Does China Singyes New Materials Holdings (HKG:8073) Have A Healthy Balance Sheet?
Warren Buffett famously said, 'Volatility is far from synonymous with risk.' So it seems the smart money knows that debt - which is usually involved in bankruptcies - is a very important factor, when you assess how risky a company is. We can see that China Singyes New Materials Holdings Limited (HKG:8073) does use debt in its business. But should shareholders be worried about its use of debt?
Why Does Debt Bring Risk?
Debt and other liabilities become risky for a business when it cannot easily fulfill those obligations, either with free cash flow or by raising capital at an attractive price. Ultimately, if the company can't fulfill its legal obligations to repay debt, shareholders could walk away with nothing. While that is not too common, we often do see indebted companies permanently diluting shareholders because lenders force them to raise capital at a distressed price. By replacing dilution, though, debt can be an extremely good tool for businesses that need capital to invest in growth at high rates of return.
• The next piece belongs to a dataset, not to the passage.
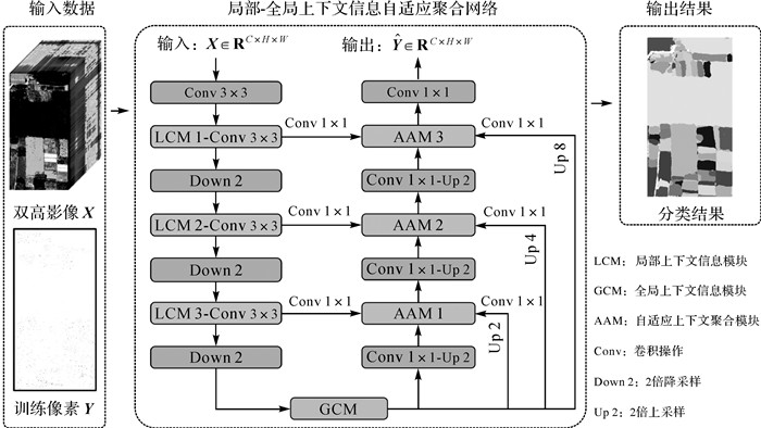 | 图 1 基于自适应上下文聚合的双高影像精细网络 Fig. 1 Flowchart of adaptive context aggregation network for H2 imagery classification |

The first thing to do when considering how much debt a business uses is to look at its cash and debt together.
Check out our latest analysis for China Singyes New Materials Holdings
What Is China Singyes New Materials Holdings's Net Debt?
You can click the graphic below for the historical numbers, but it shows that China Singyes New Materials Holdings had CN¥34.0m of debt in June 2023, down from CN¥48.0m, one year before. But it also has CN¥38.0m in cash to offset that, meaning it has CN¥3.99m net cash.
How Healthy Is China Singyes New Materials Holdings' Balance Sheet?
Zooming in on the latest balance sheet data, we can see that China Singyes New Materials Holdings had liabilities of CN¥78.5m due within 12 months and liabilities of CN¥28.6m due beyond that. On the other hand, it had cash of CN¥38.0m and CN¥148.0m worth of receivables due within a year. So it actually has CN¥78.9m more liquid assets than total liabilities.
This luscious liquidity implies that China Singyes New Materials Holdings' balance sheet is sturdy like a giant sequoia tree. On this view, lenders should feel as safe as the beloved of a black-belt karate master. Simply put, the fact that China Singyes New Materials Holdings has more cash than debt is arguably a good indication that it can manage its debt safely. When analysing debt levels, the balance sheet is the obvious place to start. But it is China Singyes New Materials Holdings's earnings that will influence how the balance sheet holds up in the future. So when considering debt, it's definitely worth looking at the earnings trend. Click here for an interactive snapshot.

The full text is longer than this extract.